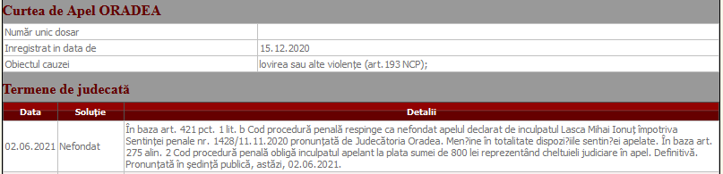 Magistrații au considerat susținerile lui Mihai Lasca drept ”simple alegații puerile, de conjunctură, nesusținute de vreun mijloc administrat în cauză, ci infirmate de probele utile reținute de instanță”. Drept urmare, pe 11 noiembrie 2020, Judecătoria Oradea l-a condamnat pe Ioan Mihai Lasca la 2 ani de închisoare cu suspendare, pedeapsă menținută miercuri de Curtea de Apel Oradea.
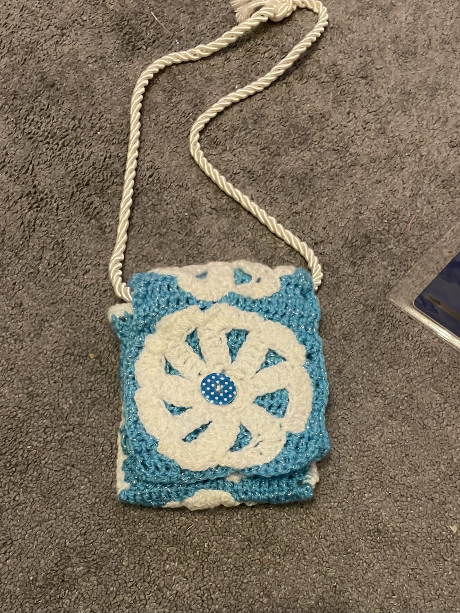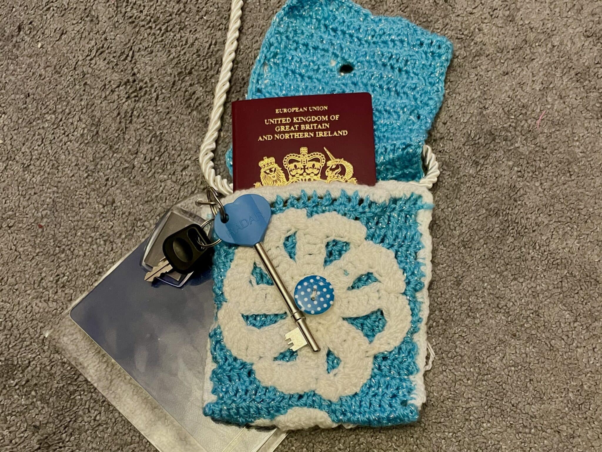 Crochet passport holder with a wheel print and a button fastener for the security of your passport.. Cross body corded strap. Holds one to 2 passports. Versatile use for passports or keys/lipstick emergency makeup or your quick fix first aid items
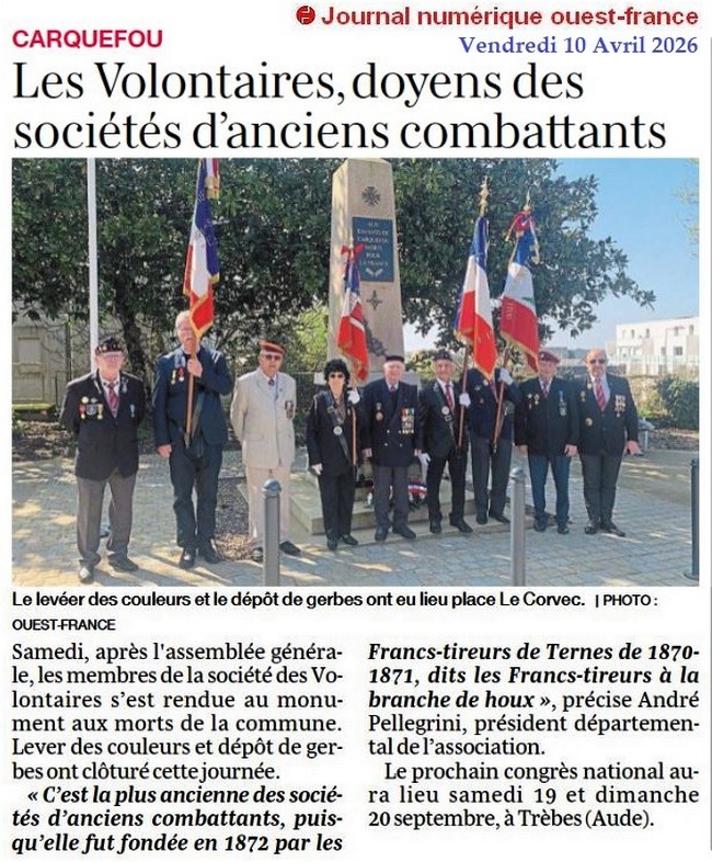 Les Volontaires, doyens des sociétés d’anciens combattants - Ouest-France 10 avril 2026
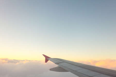 Wing of an airplane flying above the clouds at sunset. Travel concept
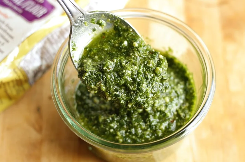 Готовый песто при необходимости довести до вкуса с помощью соли и сока лимона, затем переложить в контейнер для хранения.
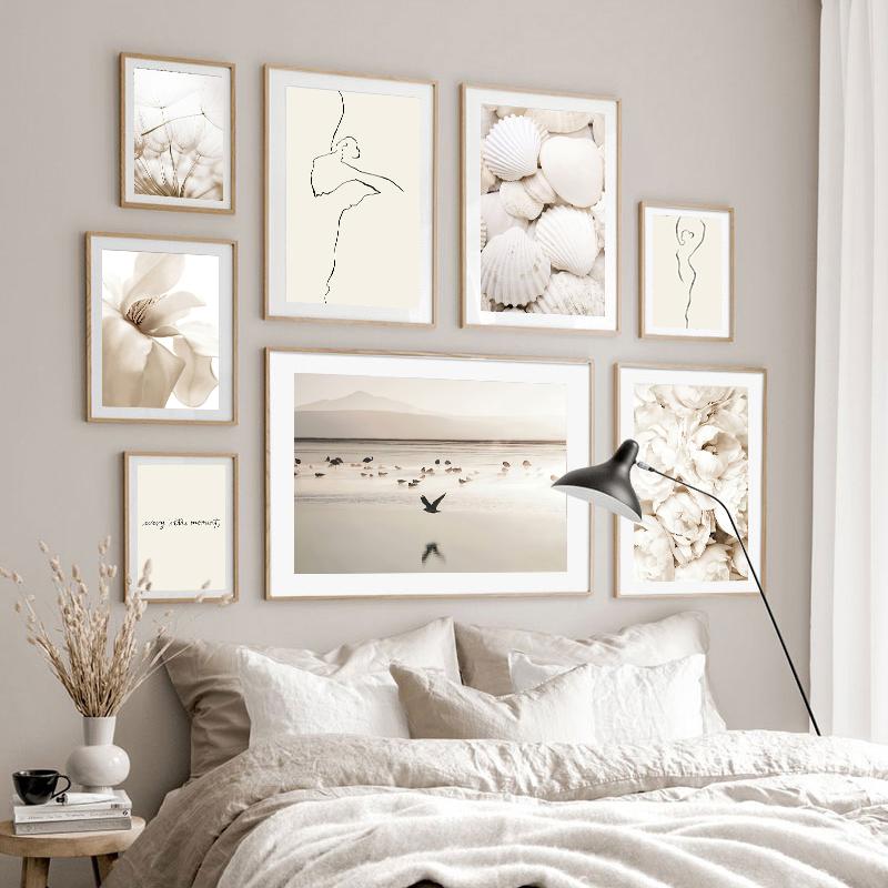 Beach Shell Flowers Poster Landscape Wall Art Canvas Painting Woman Line Nordic Print Modern Picture Living Room Home Decoration
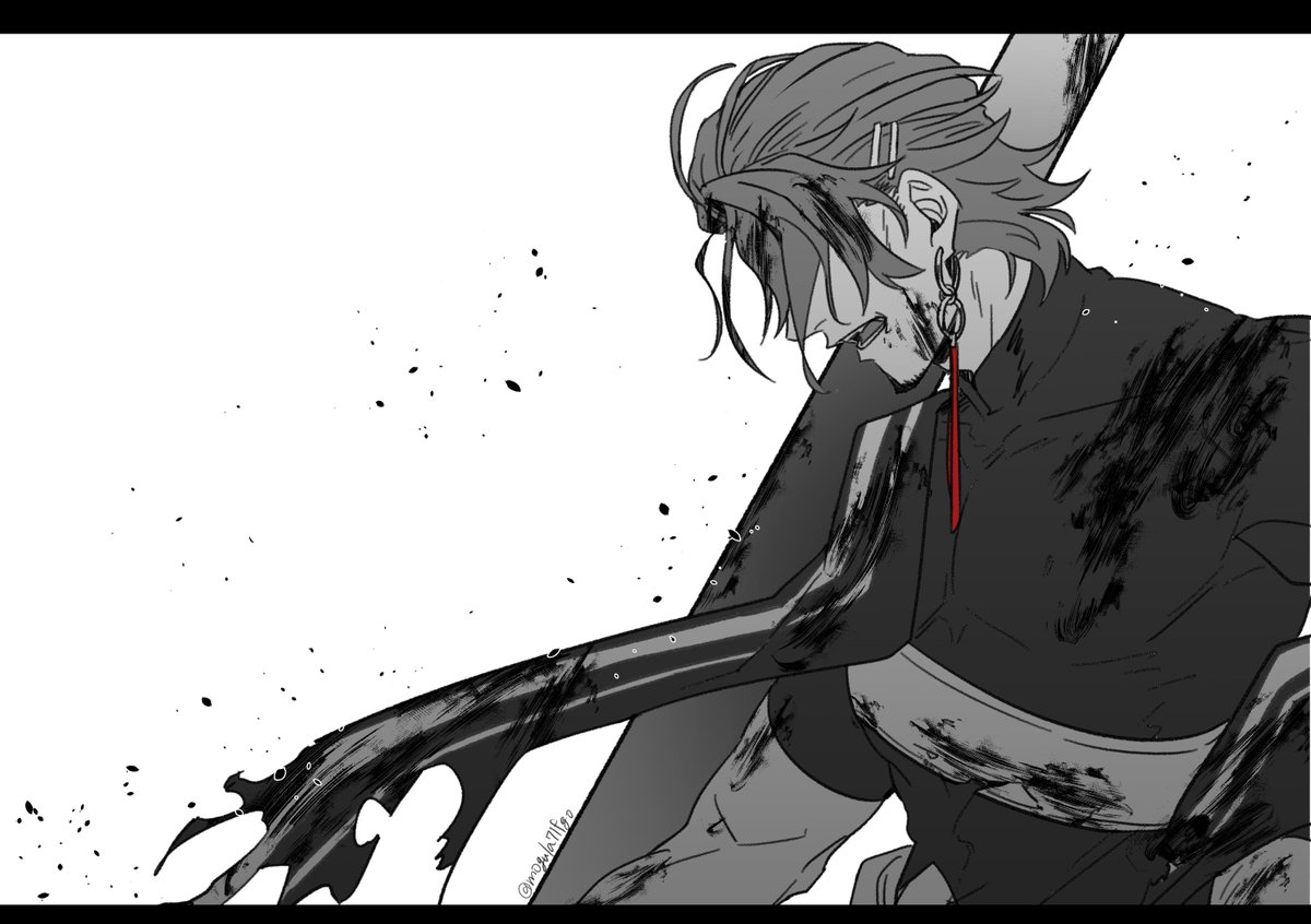 254 1386 『バーサーカー』 己が性癖に従い、乱れ髪とかっこいいヨダナも描きたかった。2枚目は背景白が好みの雰囲気だったので差分供養です。 23/07/08 01:35
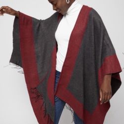 Isaac Mizrahi New York Ruana Cape Wrap / Poncho • Burgundy & Charcoal | One Size | NWT$18Palm Desert, CA
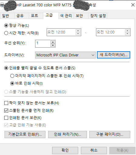 <안되는 경우의 수많은 드라이버중에 하나 - Microsoft IPP Class Driver> : 이런 (호환/가상) 드라이버는 안된다.
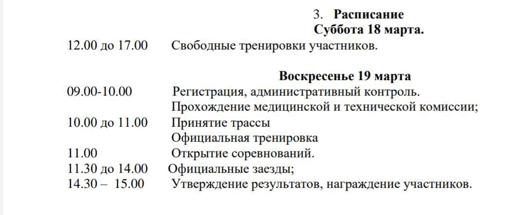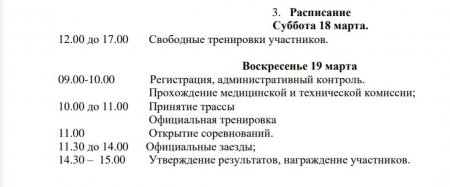 Открытие соревнований запланировано на 11:00. Официальные заезды пройдут с 11:30 до 14:00. Подсчет результатов и награждение участников намечено на 15:00. В субботу, 18 марта, на этой же трассе пройдут свободные тренировки участников.
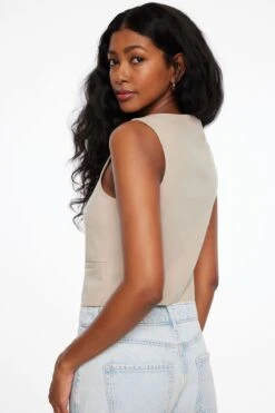 Elevate any look with this square neck twill vest. Designed to be fitted with a stretch to accentuate your form.
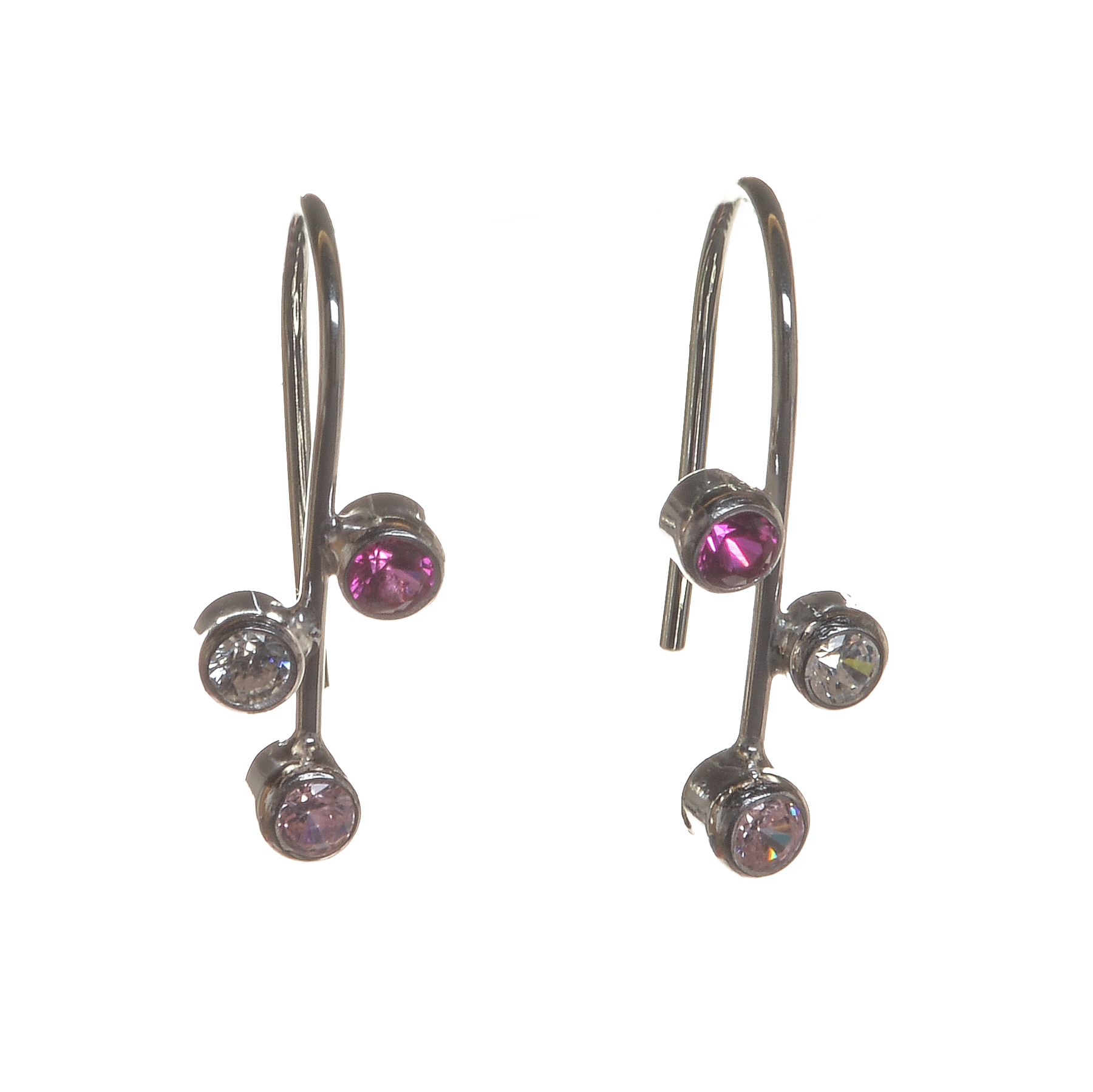 Delicate and modern, these sterling silver earrings feature a slender silver hook design accented with three sparkling stones in ruby, cubic zirconia, and pink topaz, biologically inspired and designed by Charity Hall of Virginia.
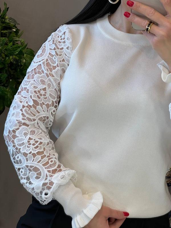 яскрава, стильна і комфортна кофта вільного крою з круглим коміром, на гумці внизу і високих манжетах, шикарними рукавами з приголомшливо гарного мережива на підкладці з прозорої сітки, виготовлена з приємного до тіла трикотажу дрібної машинної в'язки кофточка має чудовий вигляд на дівчатах з різними типами фігури, в ній затишно і легко, вона створить чудовий настрій і займе гідне місце у вашому гардеробі розмір єдиний 42-46 довжина 56-58 см н г 49-50 см, довжина рукава від шиї 68-70 см код 016
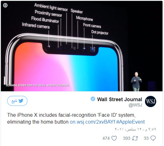 استغنت شركة "أبل" في هاتفها الجديد "آيفون X" كليا من حيث المزايا والتصميم ، عن الزر الرئيسي وبصمة الإصبع، وحل محلها ميزة "Face ID" ببصمة الوجه عالية الدقة.
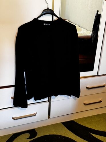 Kabel toxunuşlu krem rəngli sviter - Model: dairəvi yaxalı, uzunqollu - Rəng: açıq krem/ivori - Naqış: klassik iri örgülü (cable knit) faktura - Material: qalın trikotaj; bel, yaxa və qollarda rez...
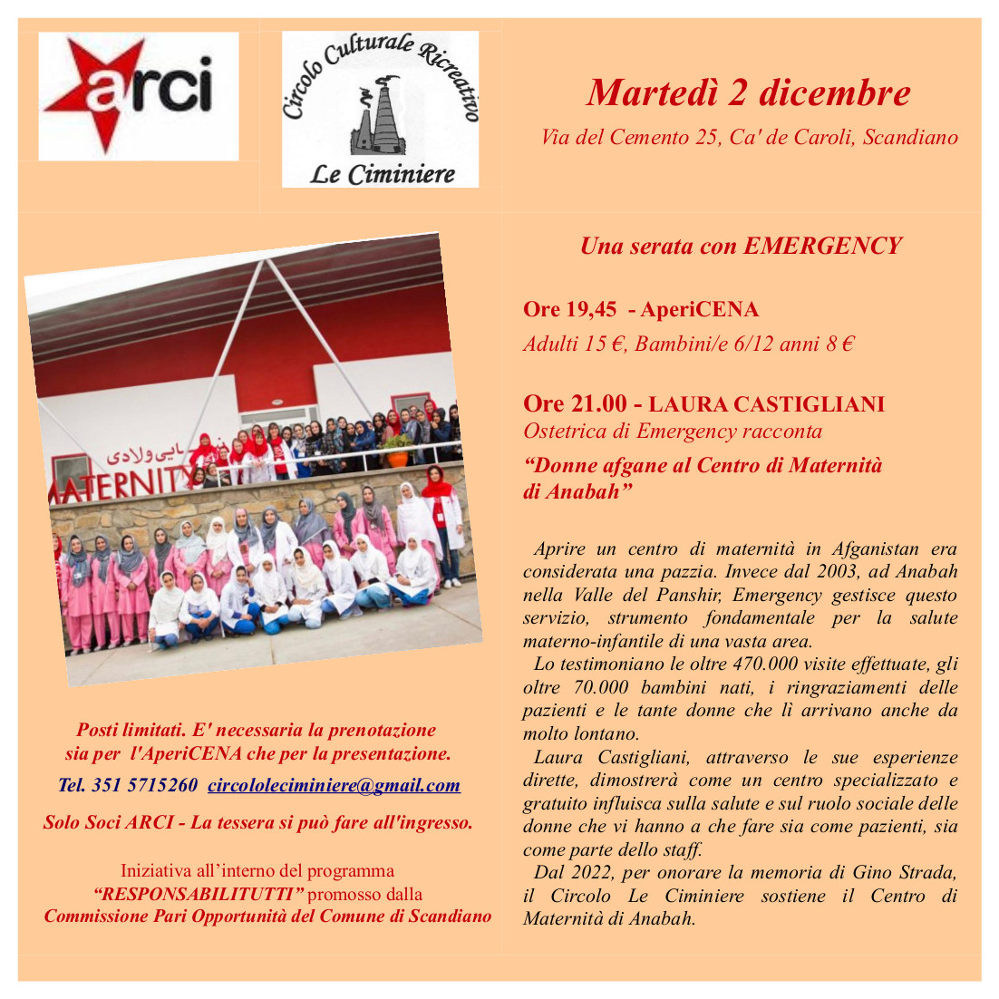 Si parte alle 19.45 con una cena ad aperitivo, con buffet, dal costo di 15 euro a persona per gli adulti e di 8 euro per i bimbi dai 6 i 12 anni. Alle 21 arriverà il momento principale, l’incontro con Laura Castigliani, ostetrica di Emergency che racconterà delle “Donne afgane al Centro di Maternità di Anabah”, una bellissima storia di solidarietà internazionale.
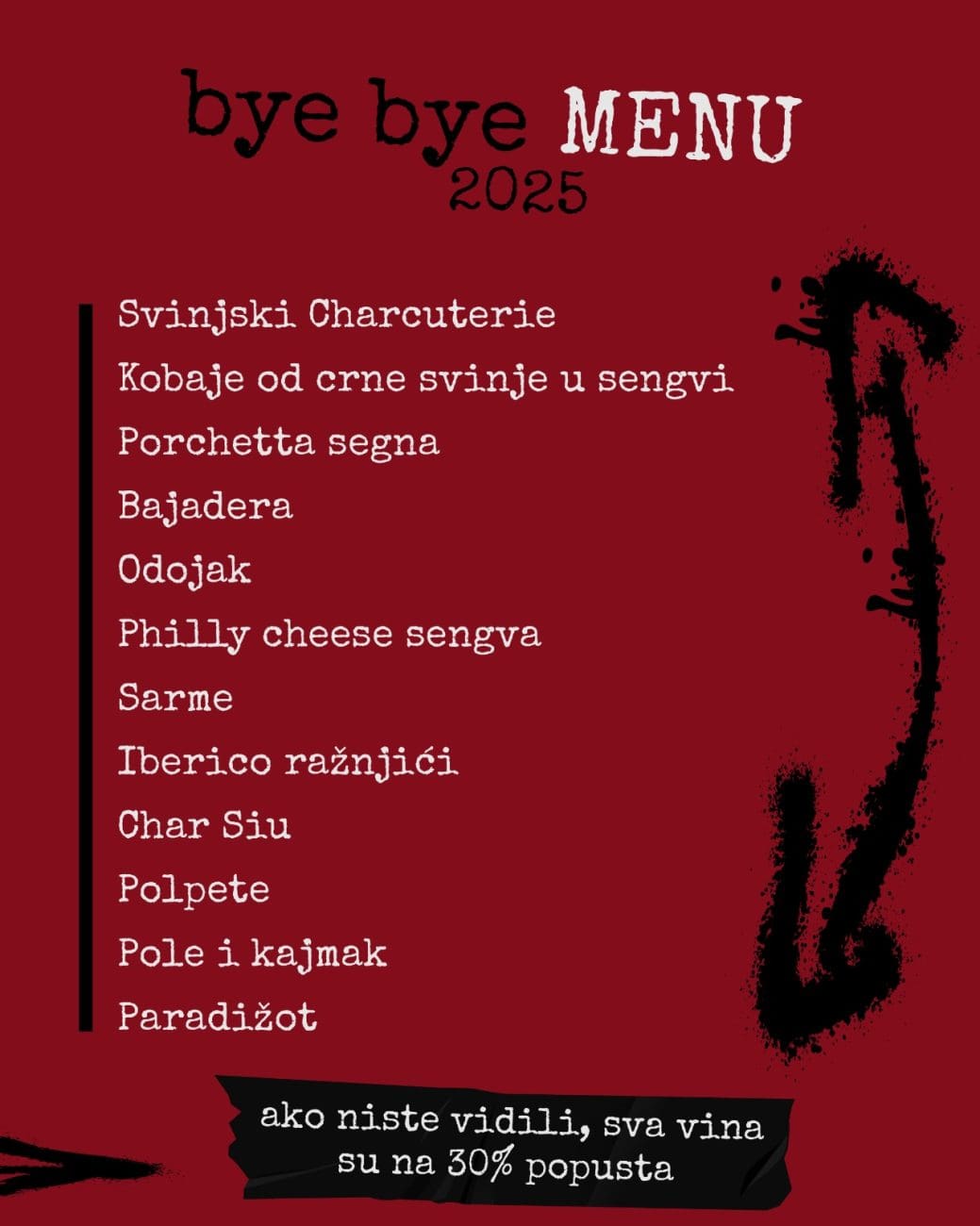 Na stolu – sve šta triba bit. Svinjski charcuterie za zagrijavanje. Kobaje od crne svinje u sengvi koje nestaju bez pitanja. Porchetta sengva koja se jede bez priče. Bajadera, odojak, Philly cheese sengva, sarme za one koji znaju da triba malo balansa. Iberico ražnjići, char siu, polpete, pole s kajmakom – i paradižot za kraj, jer godina se zatvara slatko ili nikako.
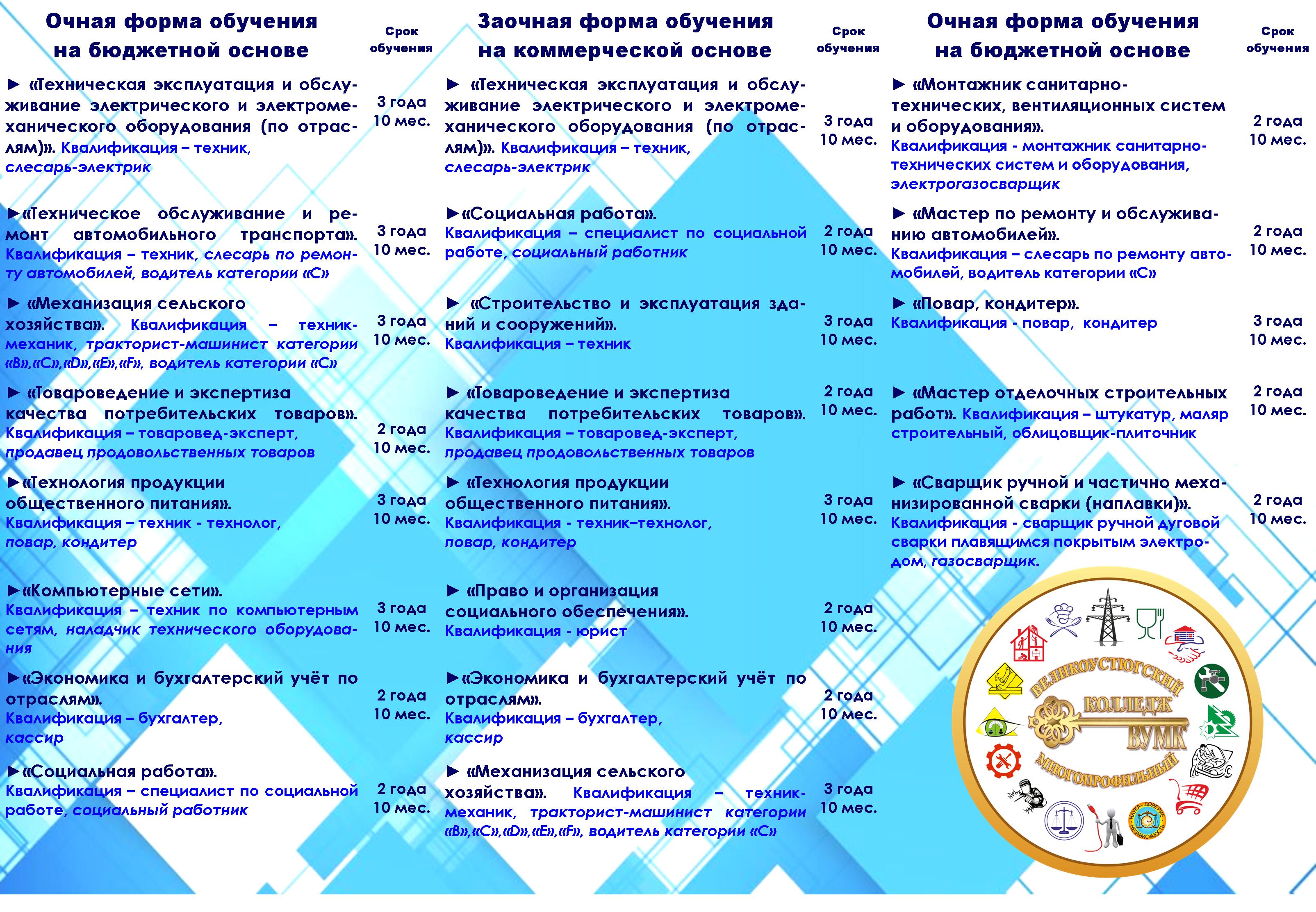 - какие профессии и специальности можно получить в этих учебных заведениях;

WORK REQUEST ▸ What is wanted is an exact copy of the lines above from the one containing "Les Volontaires, doyens" through the one containing "Elevate any look", with no pictures in it.

SOLUTION ▸
 Les Volontaires, doyens des sociétés d’anciens combattants - Ouest-France 10 avril 2026
 Wing of an airplane flying above the clouds at sunset. Travel concept
 Готовый песто при необходимости довести до вкуса с помощью соли и сока лимона, затем переложить в контейнер для хранения.
 Beach Shell Flowers Poster Landscape Wall Art Canvas Painting Woman Line Nordic Print Modern Picture Living Room Home Decoration
 254 1386 『バーサーカー』 己が性癖に従い、乱れ髪とかっこいいヨダナも描きたかった。2枚目は背景白が好みの雰囲気だったので差分供養です。 23/07/08 01:35
 Isaac Mizrahi New York Ruana Cape Wrap / Poncho • Burgundy & Charcoal | One Size | NWT$18Palm Desert, CA
 <안되는 경우의 수많은 드라이버중에 하나 - Microsoft IPP Class Driver> : 이런 (호환/가상) 드라이버는 안된다.
 Открытие соревнований запланировано на 11:00. Официальные заезды пройдут с 11:30 до 14:00. Подсчет результатов и награждение участников намечено на 15:00. В субботу, 18 марта, на этой же трассе пройдут свободные тренировки участников.
 Elevate any look with this square neck twill vest. Designed to be fitted with a stretch to accentuate your form.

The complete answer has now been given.